Each line of the listing below must be retyped exactly, with images left out.

(DATA EXCERPT Opens)

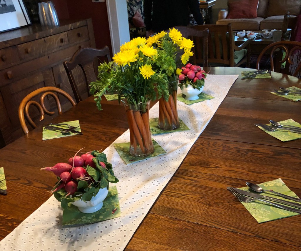 I love the idea of using carrots with green tops in a flower arrangement, so I bought a couple of bunches of carrots, some gorgeous radishes and some bright mums. Assembly was simple and our guests seemed to get a kick out of them.
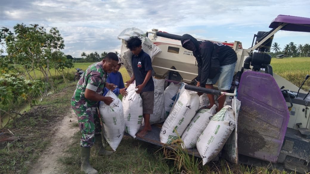 “Sinergitas Babinsa bersama petani setempat dalam panen padi dengan harga jual sesuai dengan ketetapan pemerintah guna meningkatkan kesejahteraan para petani,” kata Serma Sutikno.
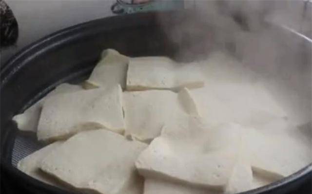1.准备两块洗干净的豆腐,把豆腐全部切成均匀的薄片,把豆腐放在蒸盘上,盖上毛巾,锅里放水烧开,水开后直接上锅蒸,高温蒸5-6分钟后,豆腐蒸熟取出晾凉。

(DATA EXCERPT Closes)

TASK OUTPUT:
 I love the idea of using carrots with green tops in a flower arrangement, so I bought a couple of bunches of carrots, some gorgeous radishes and some bright mums. Assembly was simple and our guests seemed to get a kick out of them.
 “Sinergitas Babinsa bersama petani setempat dalam panen padi dengan harga jual sesuai dengan ketetapan pemerintah guna meningkatkan kesejahteraan para petani,” kata Serma Sutikno.
1.准备两块洗干净的豆腐,把豆腐全部切成均匀的薄片,把豆腐放在蒸盘上,盖上毛巾,锅里放水烧开,水开后直接上锅蒸,高温蒸5-6分钟后,豆腐蒸熟取出晾凉。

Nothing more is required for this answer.